(Brief)
From the line containing "Meisen, Teller mit" to the line containing "Dark Teal Embroidered" in the entries below, reproduce every line exactly, ends included. Nothing else belongs in the copy, and no pictures.

(Information shown)
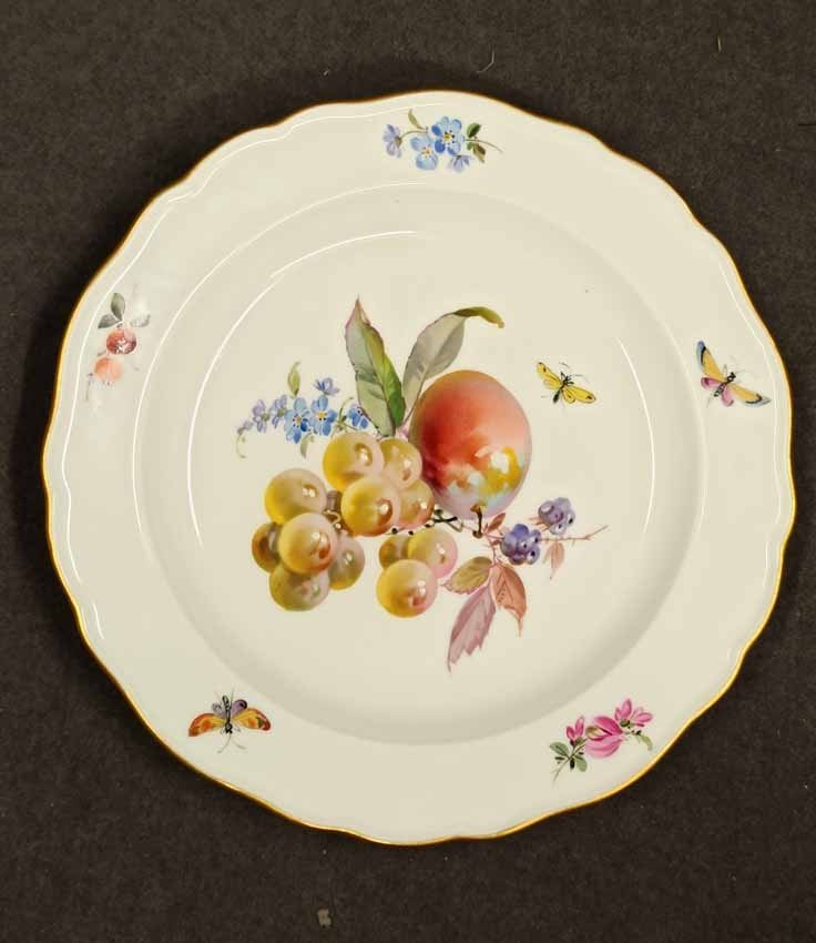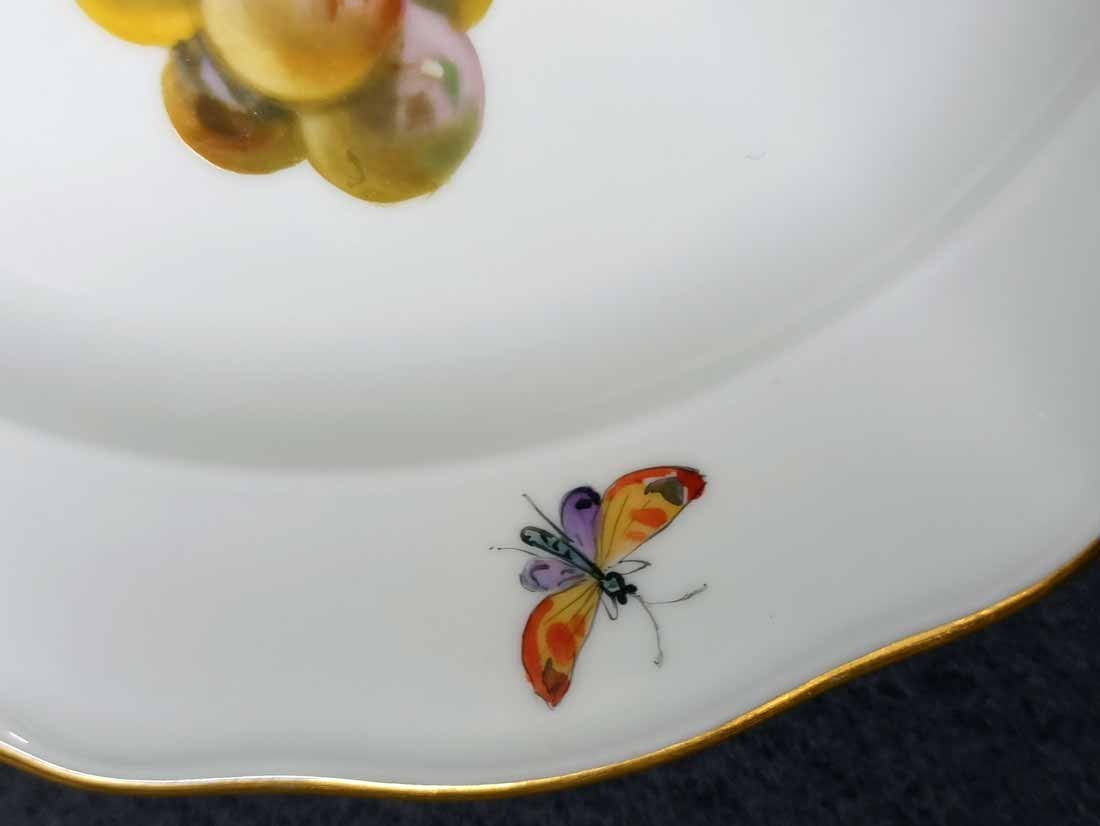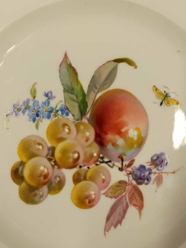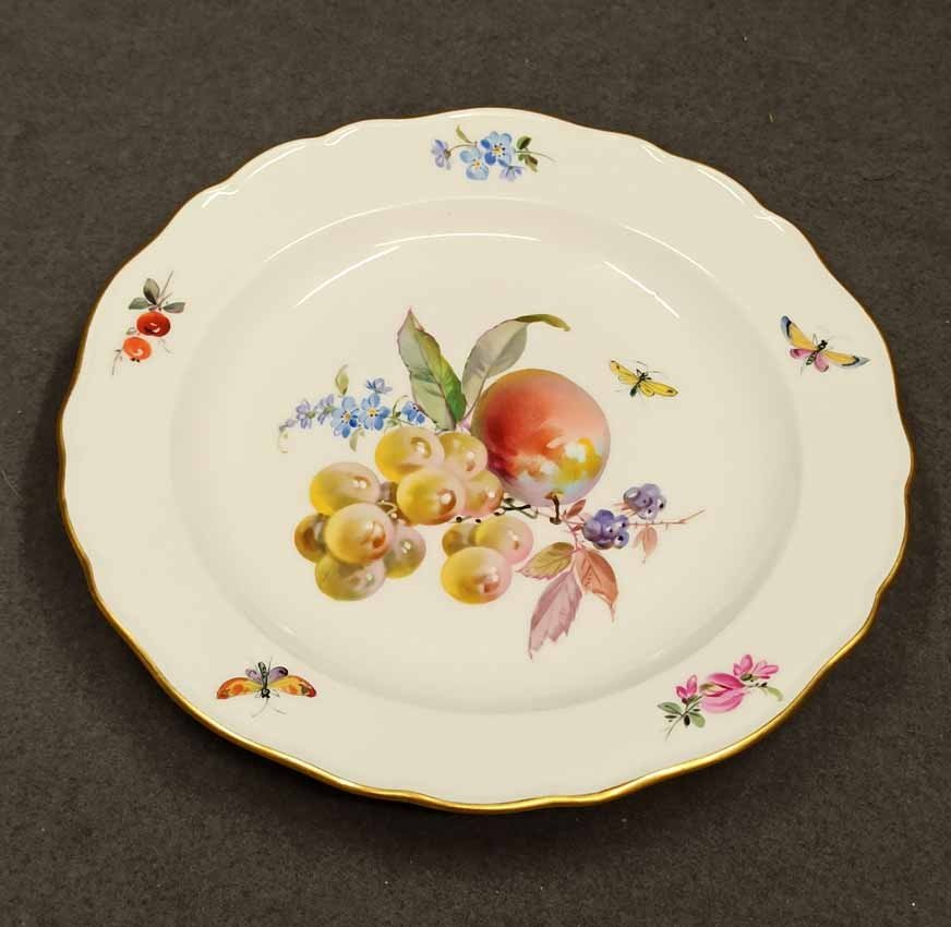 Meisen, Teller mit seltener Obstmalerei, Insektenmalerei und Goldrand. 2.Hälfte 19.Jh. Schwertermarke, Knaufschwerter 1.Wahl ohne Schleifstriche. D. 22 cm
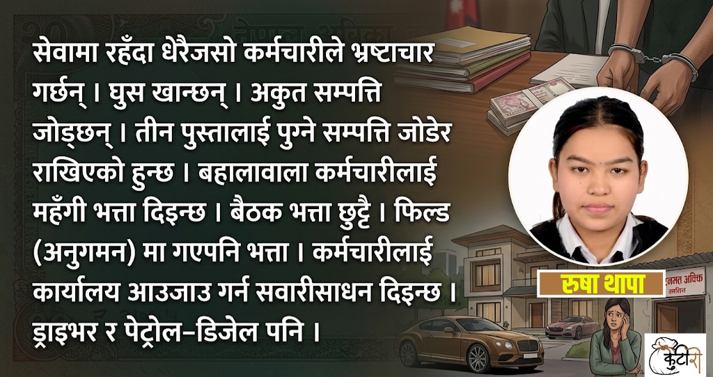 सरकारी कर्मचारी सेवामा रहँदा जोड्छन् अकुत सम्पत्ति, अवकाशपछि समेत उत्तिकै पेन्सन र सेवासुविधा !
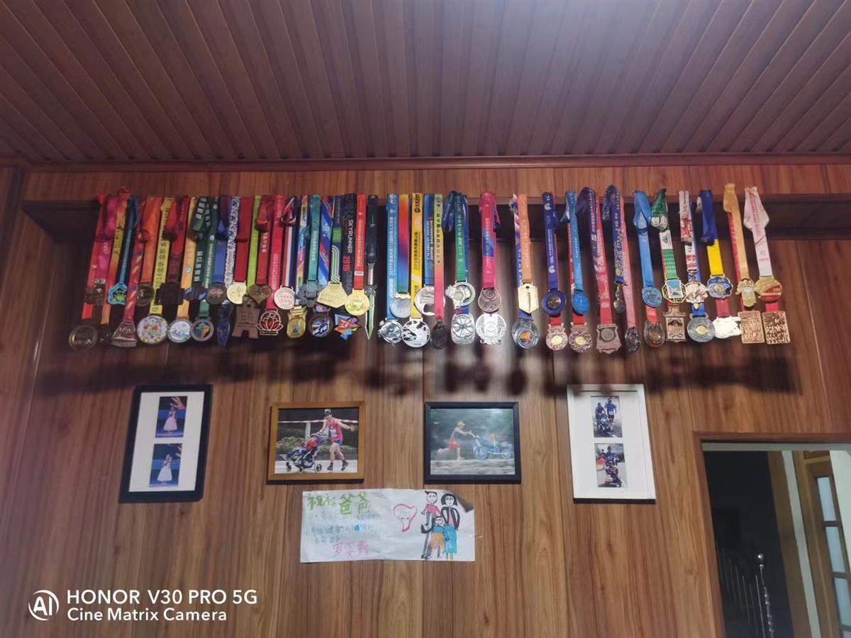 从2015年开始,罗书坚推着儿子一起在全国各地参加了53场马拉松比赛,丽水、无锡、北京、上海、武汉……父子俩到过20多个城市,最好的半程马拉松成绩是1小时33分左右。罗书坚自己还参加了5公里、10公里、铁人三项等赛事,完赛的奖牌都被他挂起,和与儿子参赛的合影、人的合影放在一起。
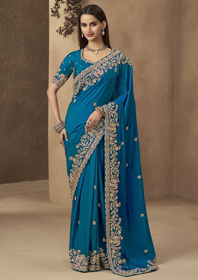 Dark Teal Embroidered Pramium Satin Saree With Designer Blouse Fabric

--

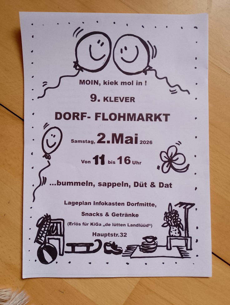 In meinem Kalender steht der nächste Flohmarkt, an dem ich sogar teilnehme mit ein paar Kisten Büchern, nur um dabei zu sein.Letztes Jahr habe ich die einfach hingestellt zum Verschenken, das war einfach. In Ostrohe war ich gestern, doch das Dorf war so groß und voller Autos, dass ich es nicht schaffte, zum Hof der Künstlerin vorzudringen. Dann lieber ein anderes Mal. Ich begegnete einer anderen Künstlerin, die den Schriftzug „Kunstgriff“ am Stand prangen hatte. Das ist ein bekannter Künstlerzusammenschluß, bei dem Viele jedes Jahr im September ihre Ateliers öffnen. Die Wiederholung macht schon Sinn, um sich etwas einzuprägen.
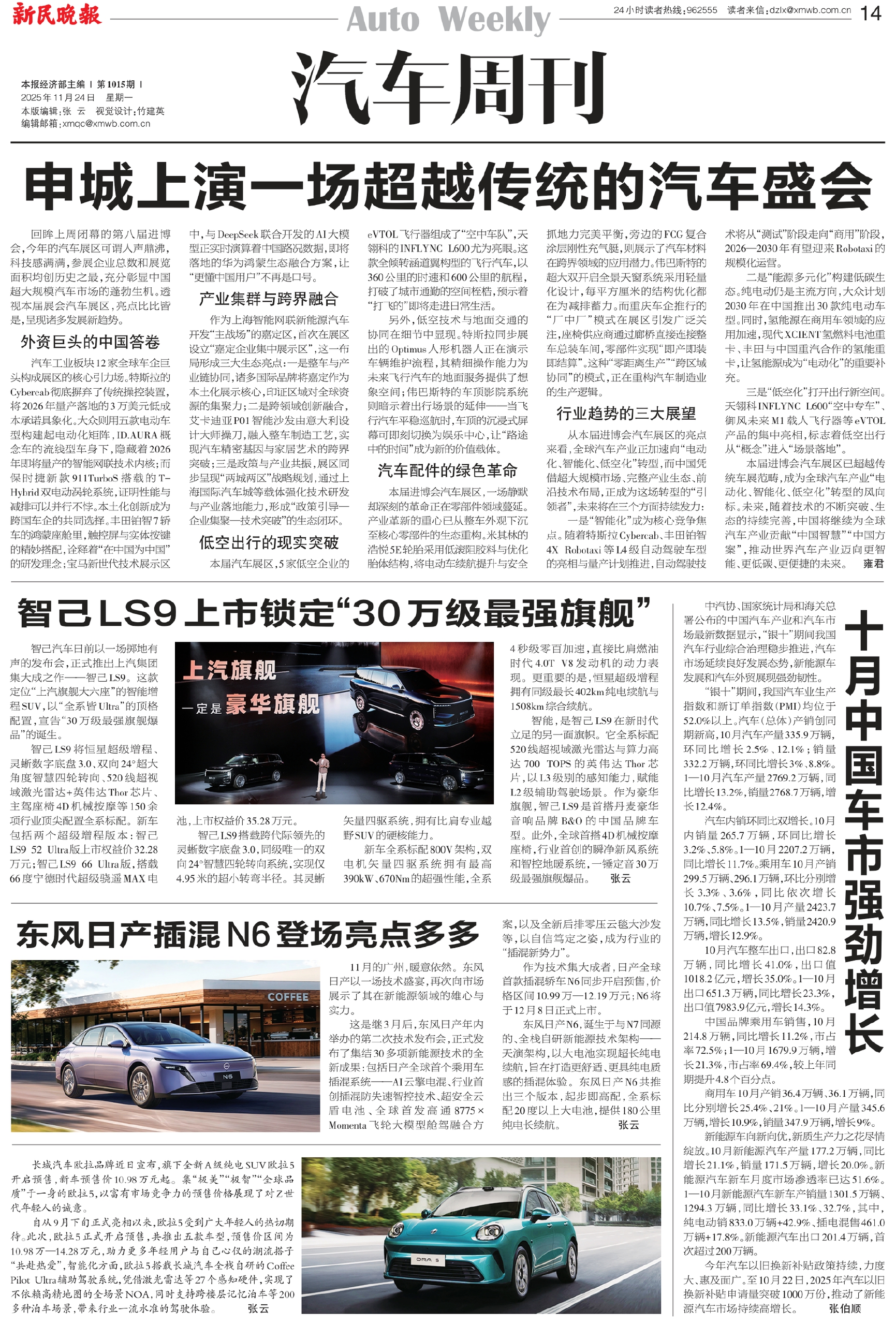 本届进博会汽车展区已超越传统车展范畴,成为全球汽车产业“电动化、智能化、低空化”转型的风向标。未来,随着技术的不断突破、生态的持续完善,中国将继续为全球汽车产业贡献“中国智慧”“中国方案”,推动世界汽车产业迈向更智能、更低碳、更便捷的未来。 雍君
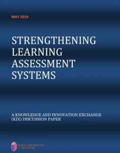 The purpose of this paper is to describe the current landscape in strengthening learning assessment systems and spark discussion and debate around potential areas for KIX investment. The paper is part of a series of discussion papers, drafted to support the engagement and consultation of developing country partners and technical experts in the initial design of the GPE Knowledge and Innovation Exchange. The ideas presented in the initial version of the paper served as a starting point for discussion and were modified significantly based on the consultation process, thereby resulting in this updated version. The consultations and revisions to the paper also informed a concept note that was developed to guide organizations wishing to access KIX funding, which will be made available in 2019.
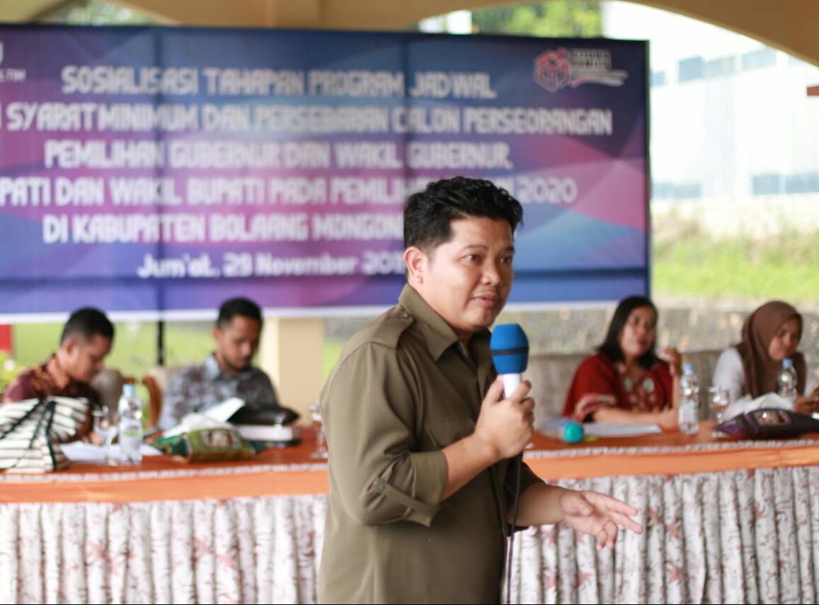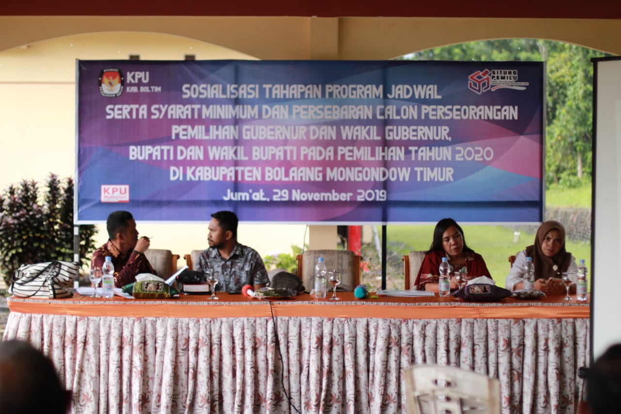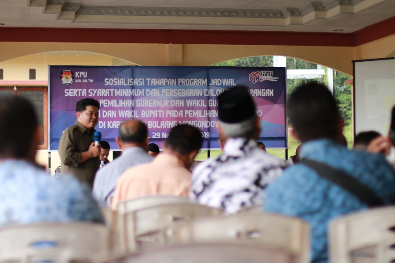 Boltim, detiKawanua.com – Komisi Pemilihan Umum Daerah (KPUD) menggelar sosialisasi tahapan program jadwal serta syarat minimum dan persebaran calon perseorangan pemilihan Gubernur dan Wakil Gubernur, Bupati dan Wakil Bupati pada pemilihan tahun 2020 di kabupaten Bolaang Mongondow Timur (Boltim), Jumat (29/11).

---

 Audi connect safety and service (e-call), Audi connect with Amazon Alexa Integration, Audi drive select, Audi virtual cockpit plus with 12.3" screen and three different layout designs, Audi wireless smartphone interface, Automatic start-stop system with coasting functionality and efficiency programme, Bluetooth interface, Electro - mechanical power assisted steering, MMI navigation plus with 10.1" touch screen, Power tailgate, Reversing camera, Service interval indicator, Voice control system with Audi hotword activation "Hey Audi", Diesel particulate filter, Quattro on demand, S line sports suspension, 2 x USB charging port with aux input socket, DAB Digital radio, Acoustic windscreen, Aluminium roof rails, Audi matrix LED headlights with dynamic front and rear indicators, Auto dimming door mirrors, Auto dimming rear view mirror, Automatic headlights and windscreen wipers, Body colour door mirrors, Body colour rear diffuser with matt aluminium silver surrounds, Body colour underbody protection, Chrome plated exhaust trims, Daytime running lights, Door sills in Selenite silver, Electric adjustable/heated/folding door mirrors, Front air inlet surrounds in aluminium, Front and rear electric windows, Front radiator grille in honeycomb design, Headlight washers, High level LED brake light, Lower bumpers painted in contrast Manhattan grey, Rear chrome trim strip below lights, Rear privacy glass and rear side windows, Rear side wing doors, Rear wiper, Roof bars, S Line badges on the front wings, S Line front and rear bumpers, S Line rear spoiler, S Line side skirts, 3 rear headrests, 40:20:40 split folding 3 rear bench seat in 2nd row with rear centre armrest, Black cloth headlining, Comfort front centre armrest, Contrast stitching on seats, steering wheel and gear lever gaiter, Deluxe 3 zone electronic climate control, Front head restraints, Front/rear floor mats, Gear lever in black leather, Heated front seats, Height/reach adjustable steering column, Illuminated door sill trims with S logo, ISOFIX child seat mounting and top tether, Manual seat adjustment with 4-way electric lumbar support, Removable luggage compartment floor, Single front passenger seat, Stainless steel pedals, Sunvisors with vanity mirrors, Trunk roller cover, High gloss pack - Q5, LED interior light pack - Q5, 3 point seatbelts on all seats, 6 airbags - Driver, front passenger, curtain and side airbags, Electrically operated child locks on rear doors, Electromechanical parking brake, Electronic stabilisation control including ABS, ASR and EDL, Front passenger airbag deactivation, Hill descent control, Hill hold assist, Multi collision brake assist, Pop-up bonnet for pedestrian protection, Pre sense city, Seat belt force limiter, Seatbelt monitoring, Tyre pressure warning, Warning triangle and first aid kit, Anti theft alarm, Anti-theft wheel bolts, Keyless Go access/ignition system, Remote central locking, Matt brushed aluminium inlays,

(Answer)
 Meisen, Teller mit seltener Obstmalerei, Insektenmalerei und Goldrand. 2.Hälfte 19.Jh. Schwertermarke, Knaufschwerter 1.Wahl ohne Schleifstriche. D. 22 cm
 सरकारी कर्मचारी सेवामा रहँदा जोड्छन् अकुत सम्पत्ति, अवकाशपछि समेत उत्तिकै पेन्सन र सेवासुविधा !
 从2015年开始,罗书坚推着儿子一起在全国各地参加了53场马拉松比赛,丽水、无锡、北京、上海、武汉……父子俩到过20多个城市,最好的半程马拉松成绩是1小时33分左右。罗书坚自己还参加了5公里、10公里、铁人三项等赛事,完赛的奖牌都被他挂起,和与儿子参赛的合影、人的合影放在一起。
 Dark Teal Embroidered Pramium Satin Saree With Designer Blouse Fabric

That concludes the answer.